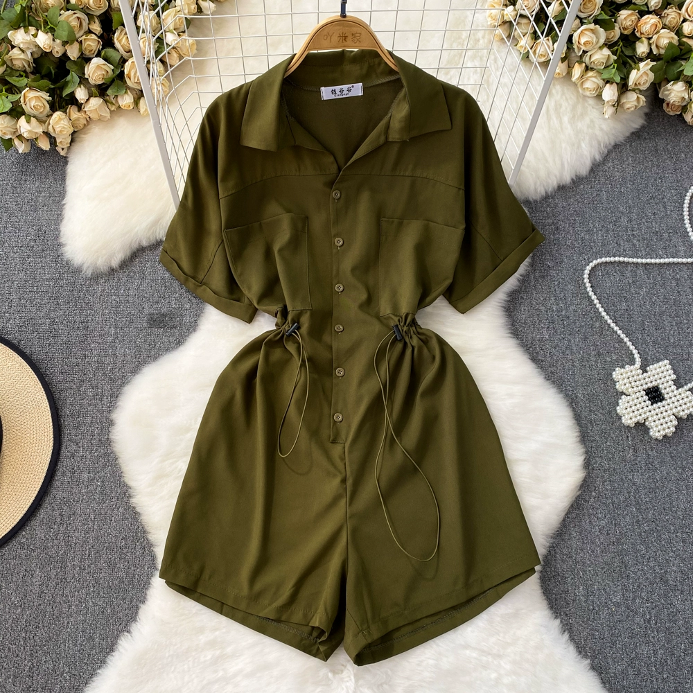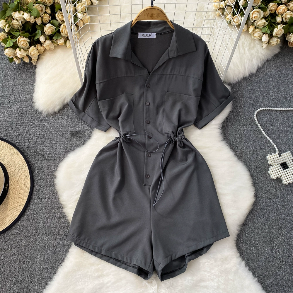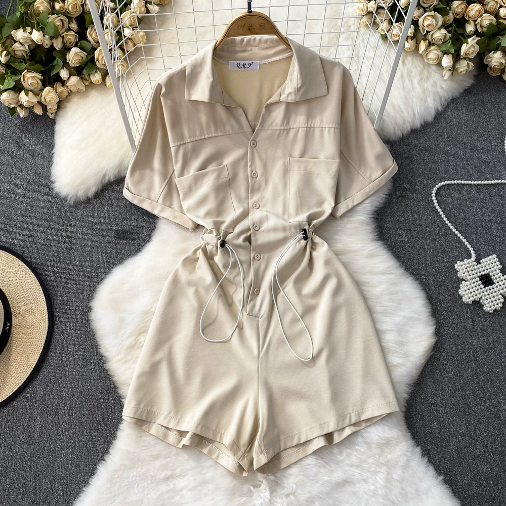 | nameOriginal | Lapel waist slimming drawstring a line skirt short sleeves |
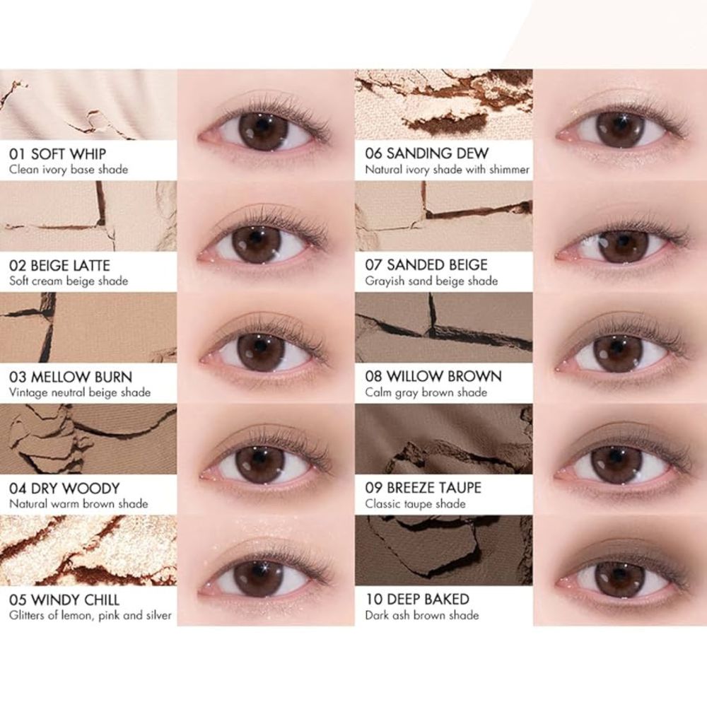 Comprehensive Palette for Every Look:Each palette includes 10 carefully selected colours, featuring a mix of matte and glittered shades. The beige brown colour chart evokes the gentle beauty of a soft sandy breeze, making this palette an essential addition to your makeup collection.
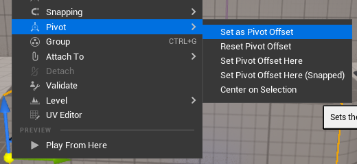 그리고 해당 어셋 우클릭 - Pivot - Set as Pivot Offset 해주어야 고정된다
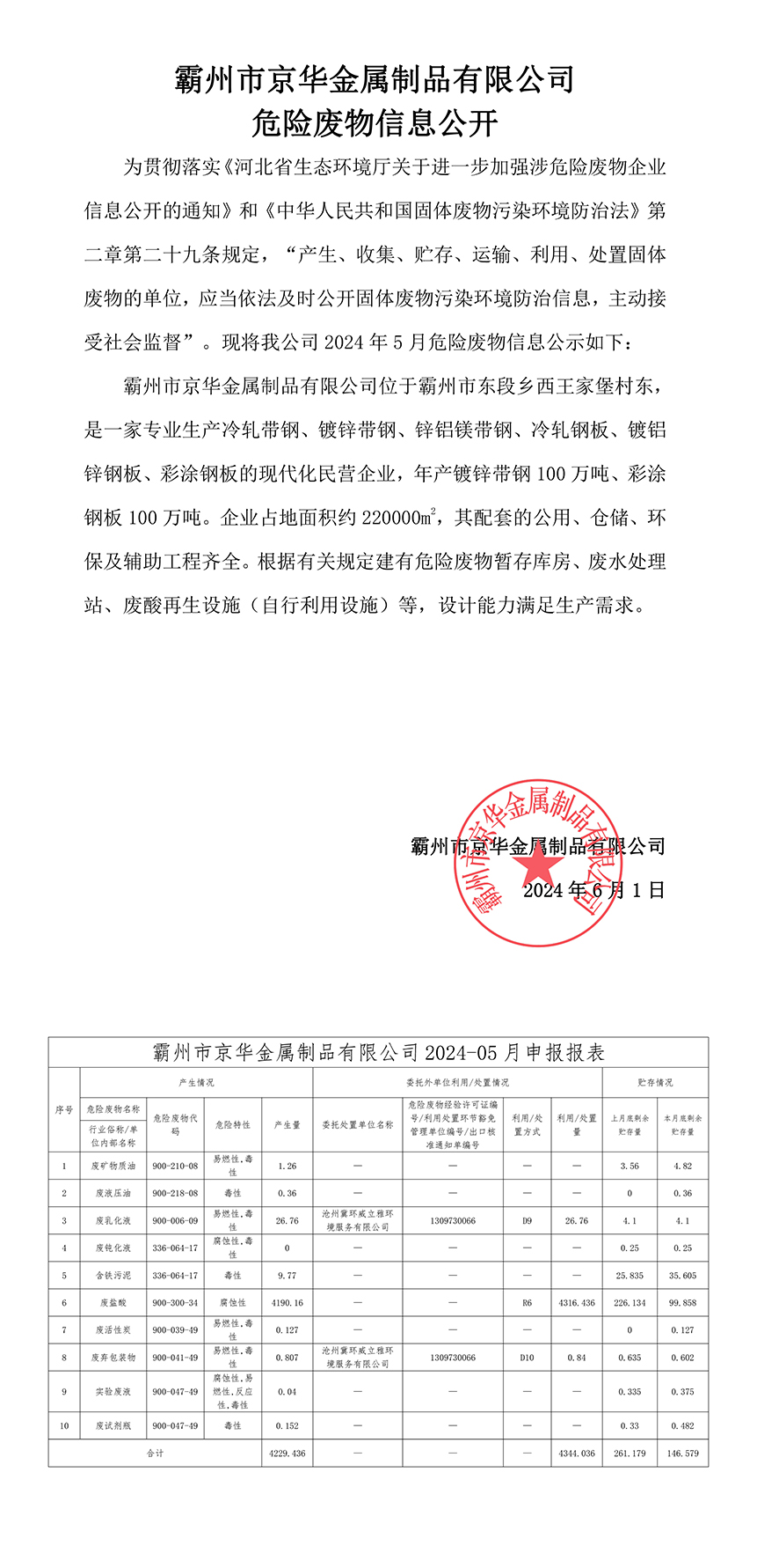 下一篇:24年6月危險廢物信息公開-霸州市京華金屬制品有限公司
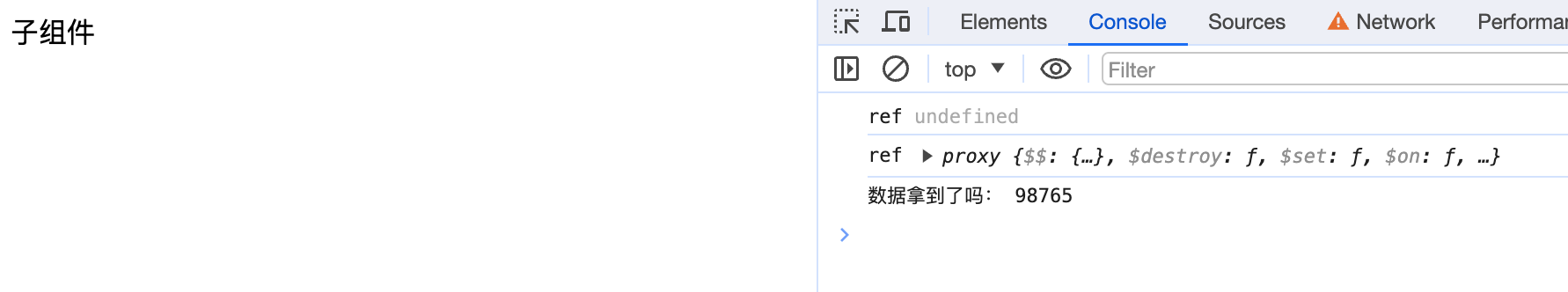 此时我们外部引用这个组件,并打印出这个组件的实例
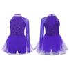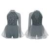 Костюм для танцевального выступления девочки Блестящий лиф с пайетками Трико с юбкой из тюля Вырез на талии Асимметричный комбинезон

--

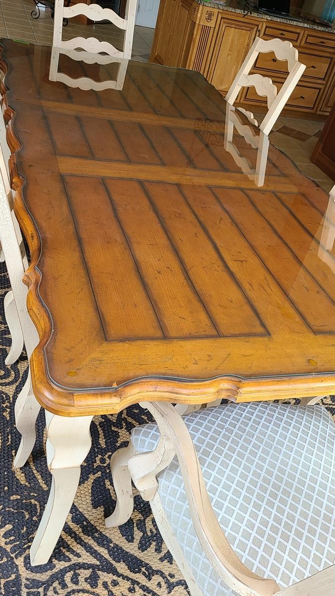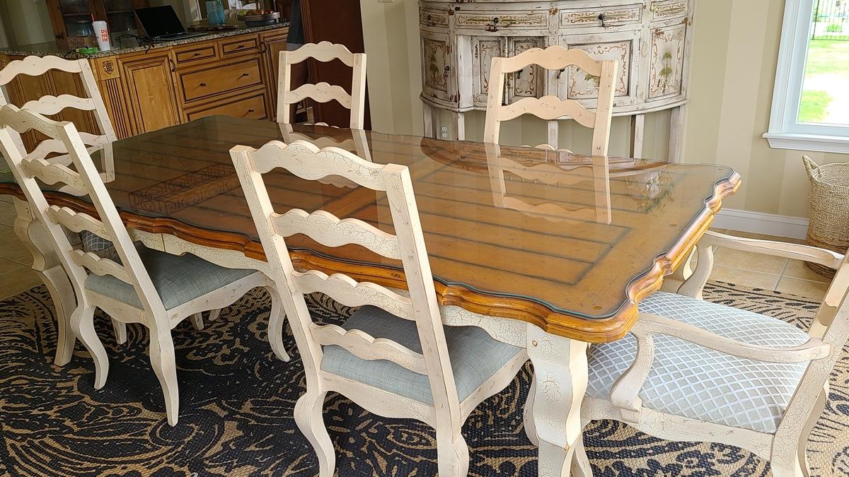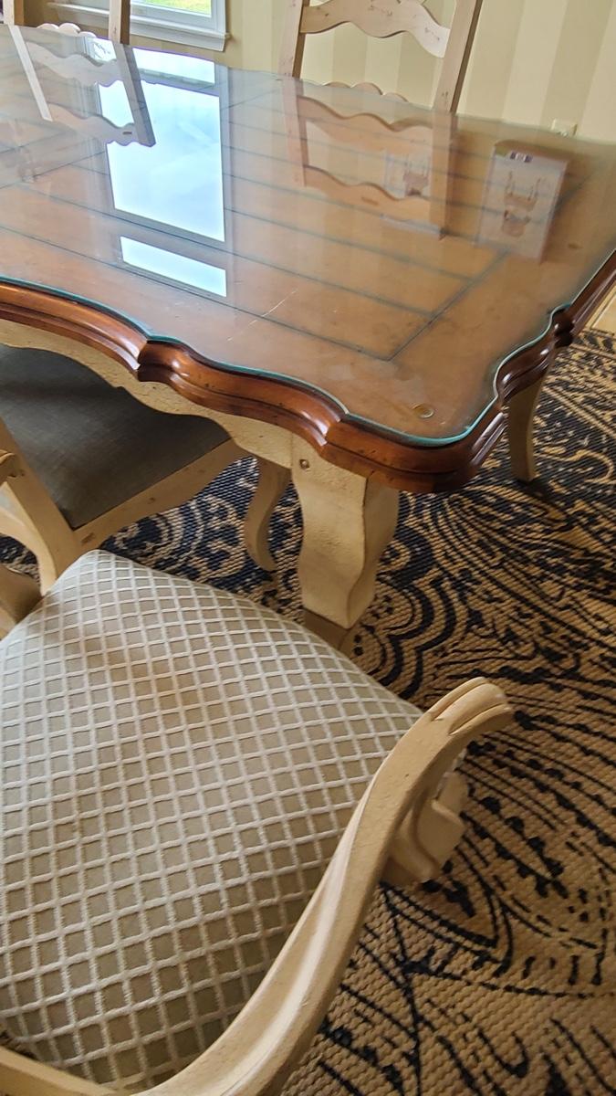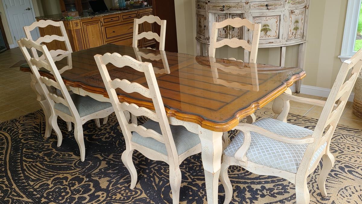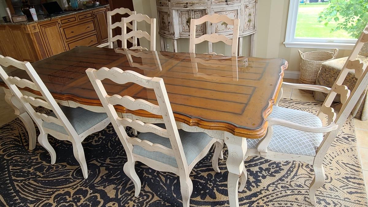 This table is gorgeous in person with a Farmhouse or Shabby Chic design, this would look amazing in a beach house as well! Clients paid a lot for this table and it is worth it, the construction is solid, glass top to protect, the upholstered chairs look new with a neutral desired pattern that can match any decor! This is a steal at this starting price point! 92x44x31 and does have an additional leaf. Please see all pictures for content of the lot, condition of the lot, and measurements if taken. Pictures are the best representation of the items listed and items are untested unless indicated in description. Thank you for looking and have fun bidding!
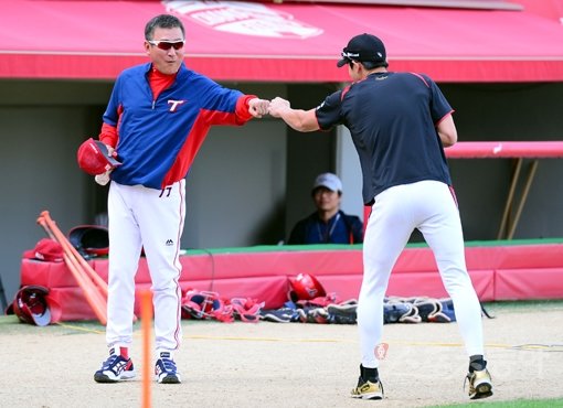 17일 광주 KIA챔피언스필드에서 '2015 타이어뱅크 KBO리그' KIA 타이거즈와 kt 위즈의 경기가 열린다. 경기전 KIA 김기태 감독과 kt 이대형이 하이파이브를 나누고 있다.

• [What is required] Exactly the lines above, from the one containing "short sleeves |" down to the one containing "此时我们外部引用这个组件,并打印出这个组件的实例", are to be repeated, including both ends. Pictures are not part of the copy.

• [Result of the exercise]
 | nameOriginal | Lapel waist slimming drawstring a line skirt short sleeves |
 Comprehensive Palette for Every Look:Each palette includes 10 carefully selected colours, featuring a mix of matte and glittered shades. The beige brown colour chart evokes the gentle beauty of a soft sandy breeze, making this palette an essential addition to your makeup collection.
 그리고 해당 어셋 우클릭 - Pivot - Set as Pivot Offset 해주어야 고정된다
 下一篇:24年6月危險廢物信息公開-霸州市京華金屬制品有限公司
 此时我们外部引用这个组件,并打印出这个组件的实例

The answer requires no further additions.